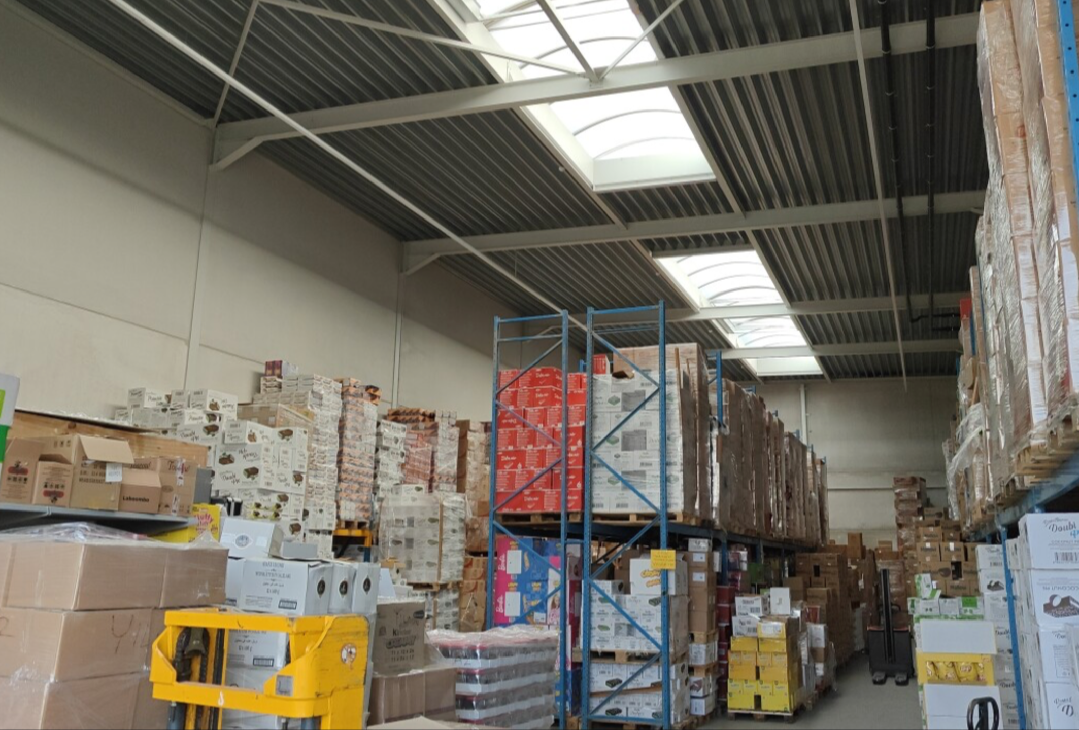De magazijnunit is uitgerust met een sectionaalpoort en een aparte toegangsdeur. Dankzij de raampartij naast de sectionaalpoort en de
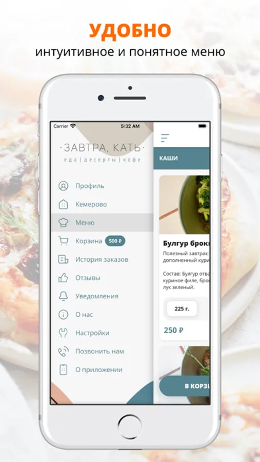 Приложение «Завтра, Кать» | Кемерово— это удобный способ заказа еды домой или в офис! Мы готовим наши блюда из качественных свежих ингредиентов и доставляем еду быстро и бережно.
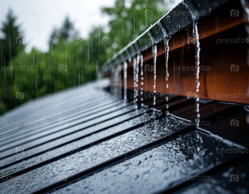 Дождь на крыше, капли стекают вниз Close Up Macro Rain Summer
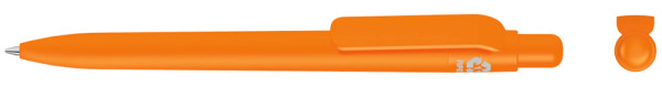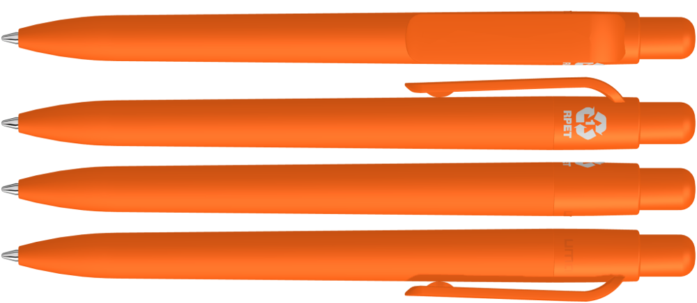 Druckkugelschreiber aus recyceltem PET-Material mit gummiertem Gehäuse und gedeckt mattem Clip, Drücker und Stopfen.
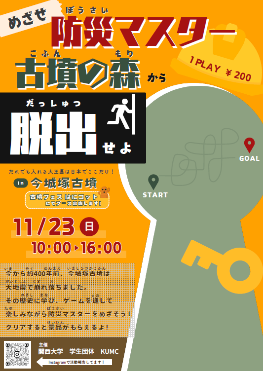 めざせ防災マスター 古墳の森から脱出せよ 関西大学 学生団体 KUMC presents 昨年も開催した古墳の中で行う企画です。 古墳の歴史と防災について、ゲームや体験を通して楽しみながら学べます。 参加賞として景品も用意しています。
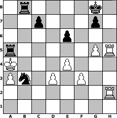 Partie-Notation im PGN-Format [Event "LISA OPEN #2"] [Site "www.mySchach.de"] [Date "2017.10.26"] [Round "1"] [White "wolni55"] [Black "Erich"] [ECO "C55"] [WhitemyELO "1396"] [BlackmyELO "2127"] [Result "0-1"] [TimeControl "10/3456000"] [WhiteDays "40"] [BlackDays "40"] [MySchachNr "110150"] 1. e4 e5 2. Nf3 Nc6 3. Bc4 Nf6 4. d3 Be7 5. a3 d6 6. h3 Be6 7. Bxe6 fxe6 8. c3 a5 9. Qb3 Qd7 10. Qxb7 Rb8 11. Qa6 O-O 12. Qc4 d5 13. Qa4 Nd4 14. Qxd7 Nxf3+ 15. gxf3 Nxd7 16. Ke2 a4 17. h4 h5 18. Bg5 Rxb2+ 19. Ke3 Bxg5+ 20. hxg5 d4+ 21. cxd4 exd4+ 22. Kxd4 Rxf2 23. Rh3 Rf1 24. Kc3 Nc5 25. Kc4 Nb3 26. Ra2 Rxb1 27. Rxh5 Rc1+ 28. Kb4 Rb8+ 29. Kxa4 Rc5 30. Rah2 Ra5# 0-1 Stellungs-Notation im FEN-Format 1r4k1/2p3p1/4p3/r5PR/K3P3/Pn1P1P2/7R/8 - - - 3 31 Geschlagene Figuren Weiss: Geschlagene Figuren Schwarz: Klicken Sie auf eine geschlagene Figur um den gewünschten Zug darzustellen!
----
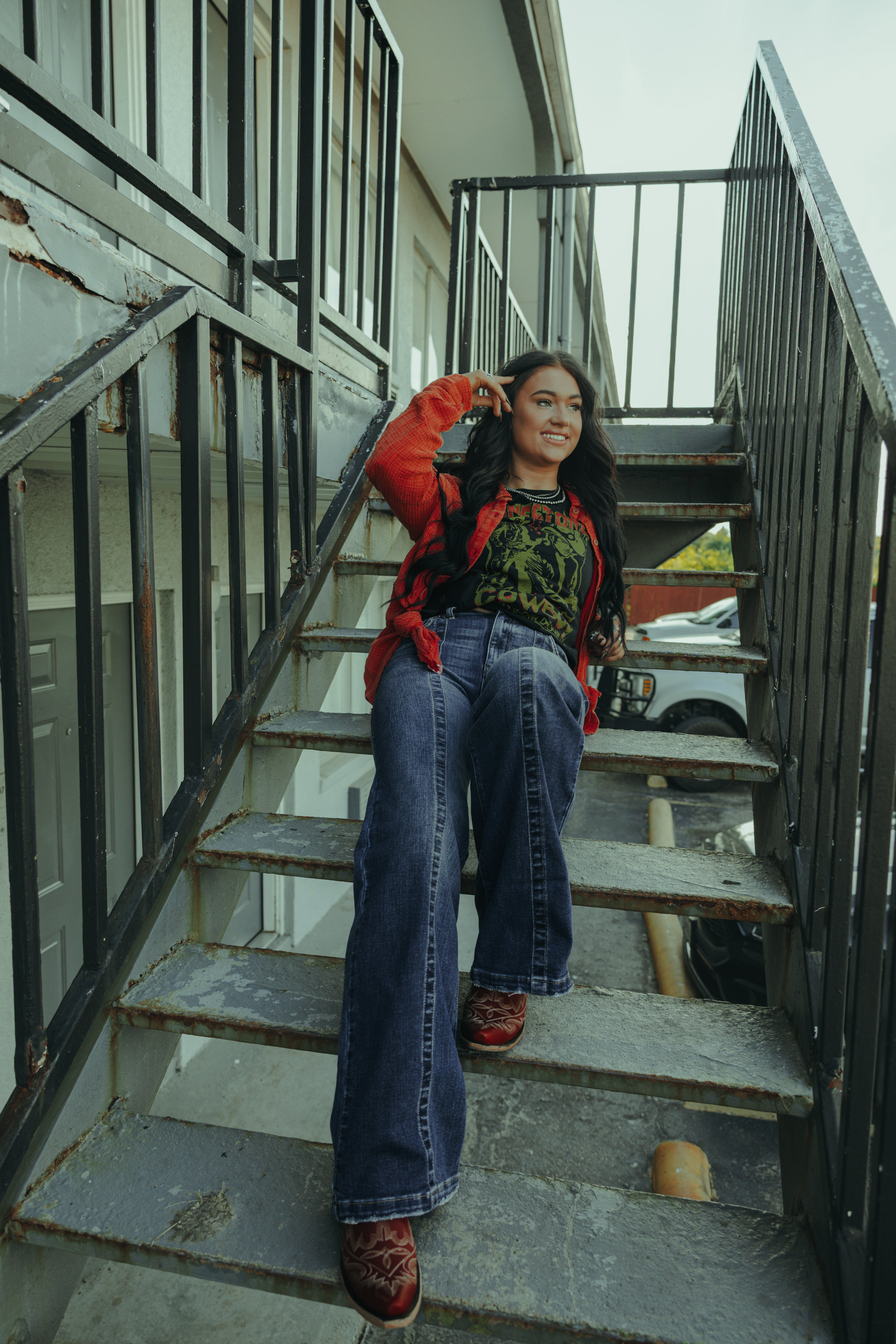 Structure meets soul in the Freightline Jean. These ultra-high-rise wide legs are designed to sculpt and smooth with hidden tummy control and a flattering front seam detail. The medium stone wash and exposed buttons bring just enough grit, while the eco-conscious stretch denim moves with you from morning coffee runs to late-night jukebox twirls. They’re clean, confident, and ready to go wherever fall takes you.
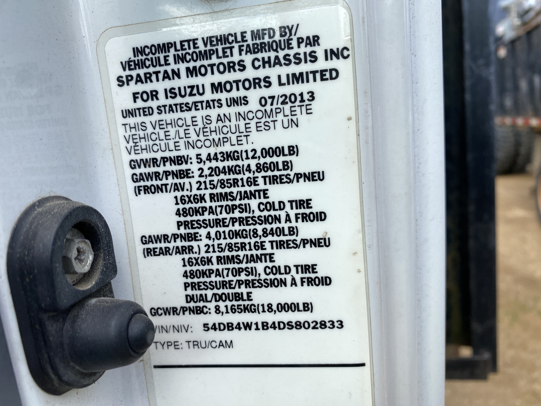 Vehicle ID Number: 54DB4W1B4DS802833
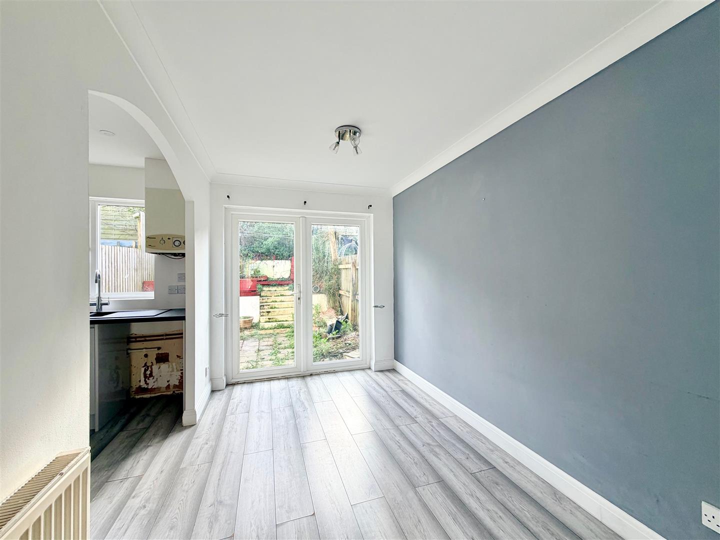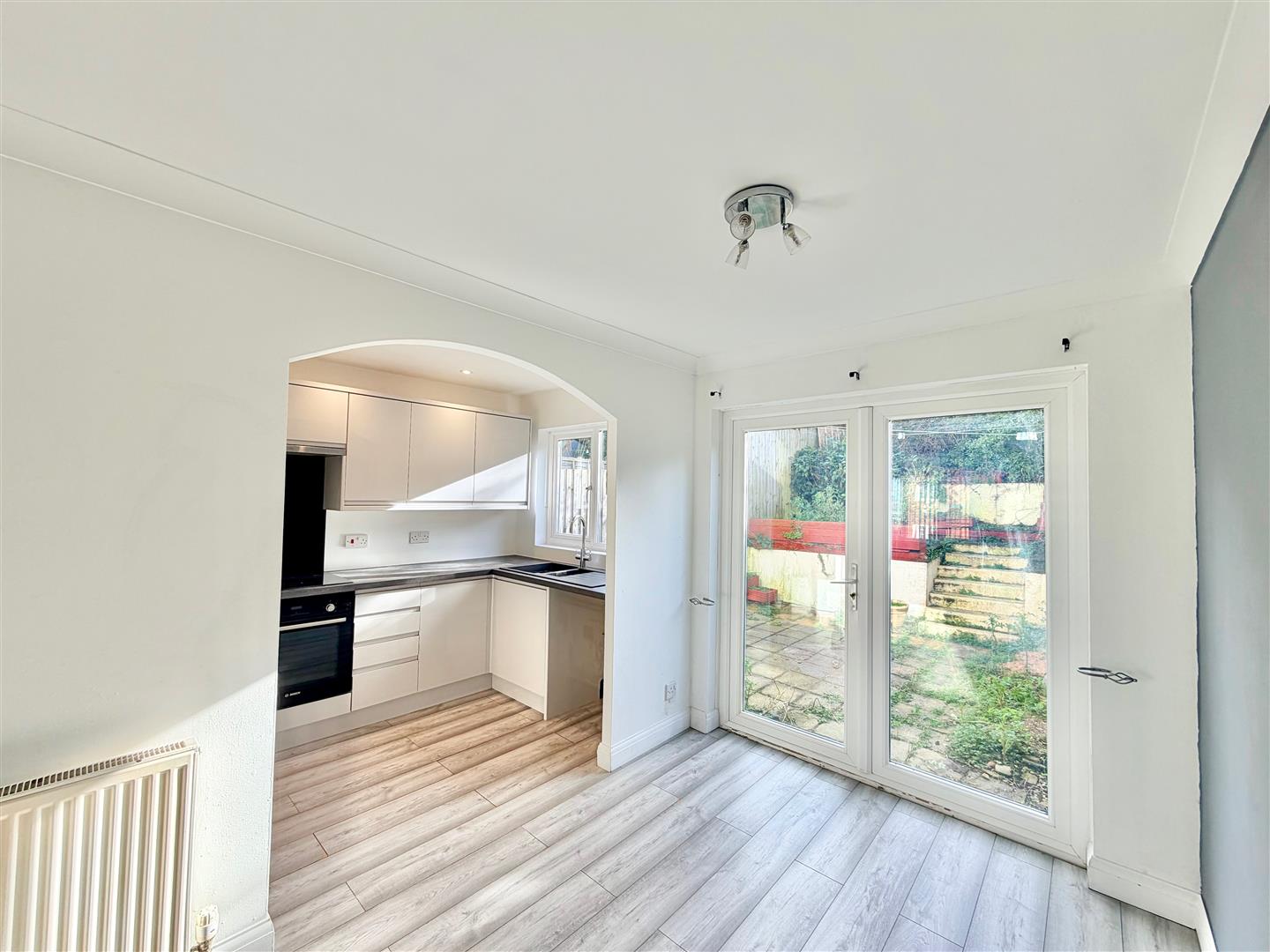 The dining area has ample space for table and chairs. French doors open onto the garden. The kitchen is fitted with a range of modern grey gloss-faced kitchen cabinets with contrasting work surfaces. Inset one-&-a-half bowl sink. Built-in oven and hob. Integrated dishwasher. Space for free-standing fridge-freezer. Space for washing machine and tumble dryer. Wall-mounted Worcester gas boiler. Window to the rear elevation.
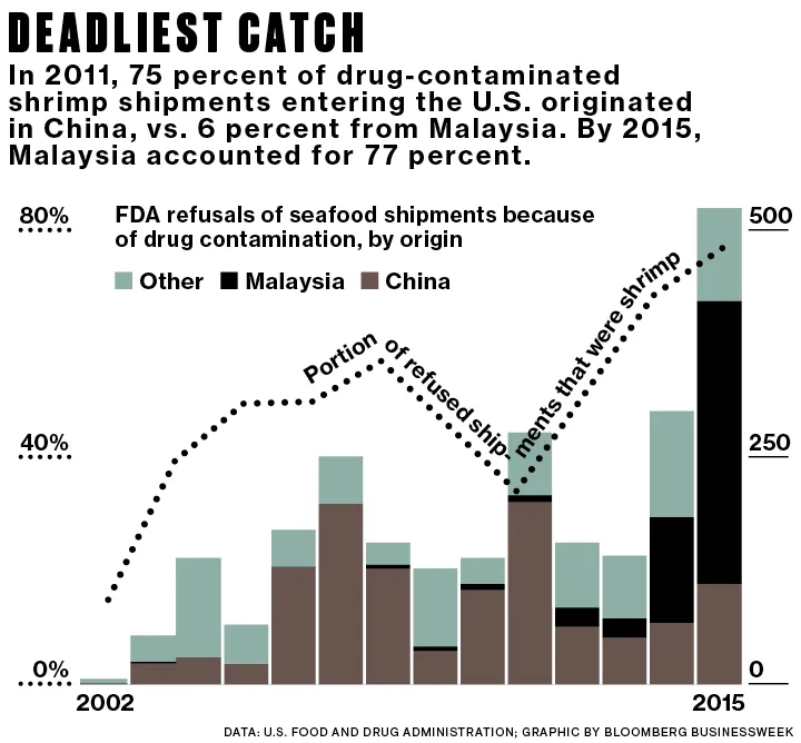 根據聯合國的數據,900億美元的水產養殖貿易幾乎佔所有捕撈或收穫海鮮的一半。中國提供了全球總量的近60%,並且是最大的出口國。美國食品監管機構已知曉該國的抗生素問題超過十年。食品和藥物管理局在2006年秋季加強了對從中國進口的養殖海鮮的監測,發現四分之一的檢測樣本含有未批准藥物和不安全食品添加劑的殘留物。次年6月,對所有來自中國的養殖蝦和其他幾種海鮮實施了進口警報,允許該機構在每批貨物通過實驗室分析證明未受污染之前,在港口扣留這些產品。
----
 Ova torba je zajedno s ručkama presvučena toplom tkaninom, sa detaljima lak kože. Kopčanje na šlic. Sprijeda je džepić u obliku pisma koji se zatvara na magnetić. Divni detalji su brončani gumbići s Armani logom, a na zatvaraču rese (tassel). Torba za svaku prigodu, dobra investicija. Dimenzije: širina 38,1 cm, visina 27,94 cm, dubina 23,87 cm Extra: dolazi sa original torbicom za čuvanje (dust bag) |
----
Find the line with "De magazijnunit is" and the line with "Дождь на крыше, капли" in the records above. Copy both and all lines between them exactly, without pictures.

**TASK RESPONSE**
De magazijnunit is uitgerust met een sectionaalpoort en een aparte toegangsdeur. Dankzij de raampartij naast de sectionaalpoort en de
 Приложение «Завтра, Кать» | Кемерово— это удобный способ заказа еды домой или в офис! Мы готовим наши блюда из качественных свежих ингредиентов и доставляем еду быстро и бережно.
 Дождь на крыше, капли стекают вниз Close Up Macro Rain Summer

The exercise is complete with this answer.